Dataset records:
== Segment start ==
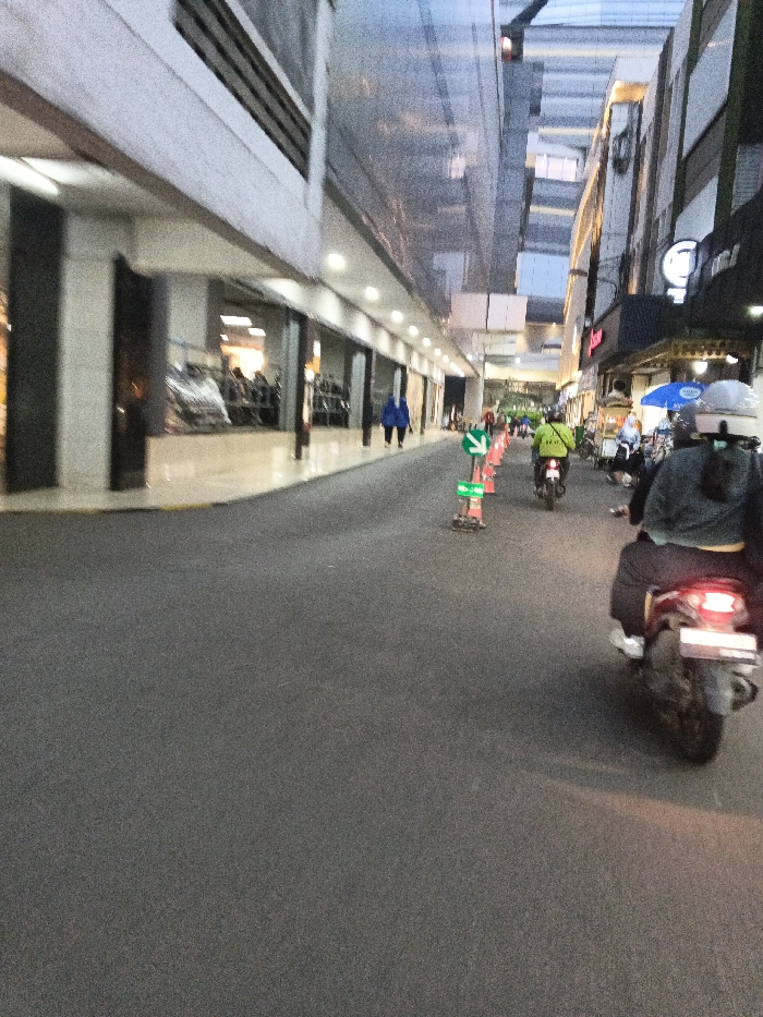 The image depicts a street scene in a commercial district of Bandung City, Indonesia, likely along Jalan Merdeka or Jalan Purnawarman, during late afternoon or early evening. The perspective is from slightly above ground level, facing forward in the direction of travel. On the left side of the street, a multi-story modern building with a light-colored facade features a deep overhang, creating a covered pedestrian walkway at ground level. This walkway is illuminated by evenly spaced ceiling lights and contains recessed storefronts. One individual, wearing a blue hijab and dark clothing, is visible walking away from the camera along this path. Further into the background, other indistinct figures are visible within the illuminated storefronts. On the right side of the street, a series of older commercial buildings house various businesses. One storefront features a blue sun umbrella extended outwards. Multiple individuals are present near these establishments, some standing, some partially obscured. A white circular sign is visible above one shop. The asphalt road surface occupies the central and foreground portions of the image. A line of orange traffic cones, each equipped with a green and white directional arrow pointing to the left, is placed along the center-right of the roadway, indicating a lane division or temporary traffic guidance. One cone appears to be on its side near the foreground. In the immediate foreground on the right, the rear of a dark-colored scooter or motorcycle is visible. Its red brake light is illuminated. The rider is wearing a dark jacket, dark trousers, and a white helmet with a dark visor. The rear wheel and fender of this vehicle appear dirty. Further into the midground, a second motorcycle is observed, ridden by an individual wearing a bright lime green or yellow jacket and a dark helmet, traveling in the same direction as the foreground motorcycle. Additional blurred vehicles and pedestrians are discernible further down the street, indicating ongoing urban activity.
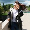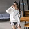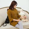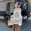 Papaya Milk Primavera e Outono nova moda coreana feminina costura casual loose tendência com capuz manga comprida suéter de lã na moda
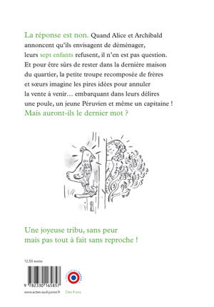 La réponse est non. Quand Alice et Archibald annoncent qu'ils envisagent de déménager, leurs sept enfants refusent, il n'en est pas question. Et pour être sûrs de rester dans la dernière maison du quartier, la petite troupe recomposée de frères et soeurs imagine les pires idées pour annuler la vente à venir... embarquant dans leurs délires une poule, un jeune Péruvien et même un capitaine ! Mais auront-ils le dernier mot ?
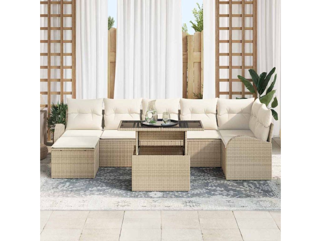 Tato sestava zahradního sofa je skvělým mixem moderního stylu a praktických výhod. Vyrobená z měkkého béžového poly ratanu, změní tvou terasu nebo balkon na příjemné místo, které dodá pohodlí a styl každé události.
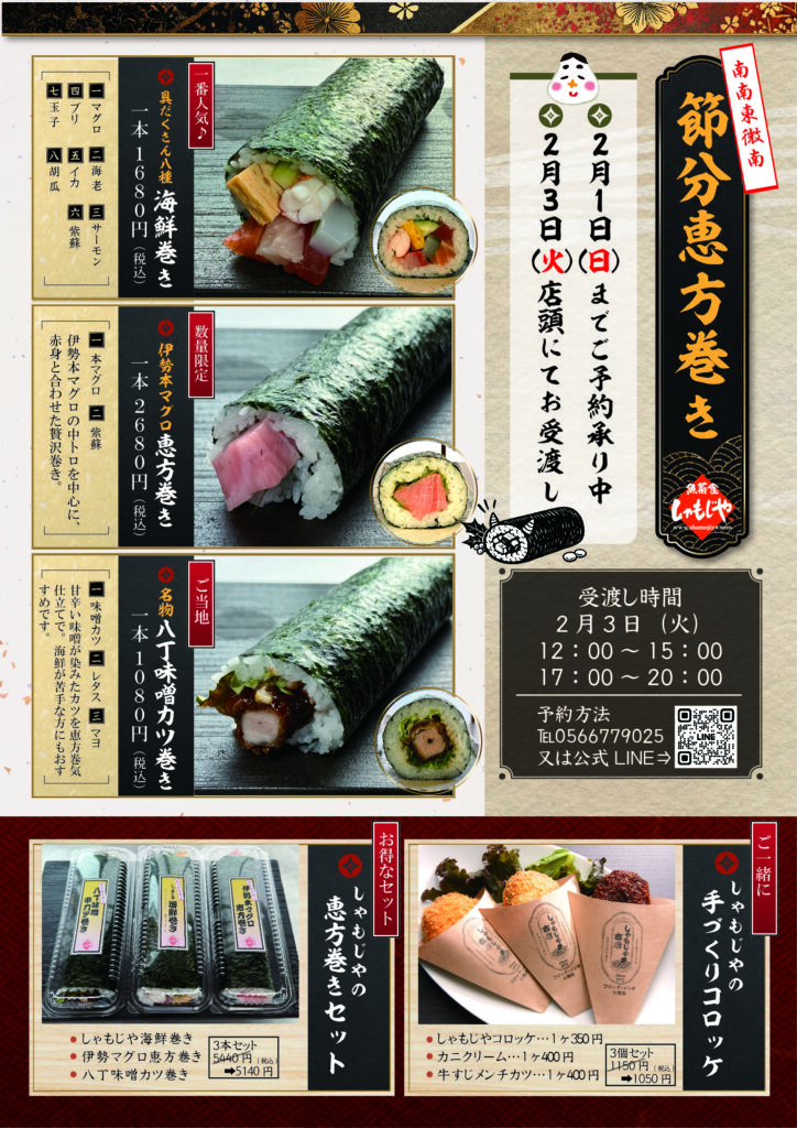 節分は、しゃもじやの恵方巻きで福を呼び込みましょう。
== Segment end ==
**Problem:** Pictures stay out of the copy. Reproduce exactly the lines from the one containing "Tato sestava zahradního" through the last line of the records above, both included.

**Result for this task:**
 Tato sestava zahradního sofa je skvělým mixem moderního stylu a praktických výhod. Vyrobená z měkkého béžového poly ratanu, změní tvou terasu nebo balkon na příjemné místo, které dodá pohodlí a styl každé události.
 節分は、しゃもじやの恵方巻きで福を呼び込みましょう。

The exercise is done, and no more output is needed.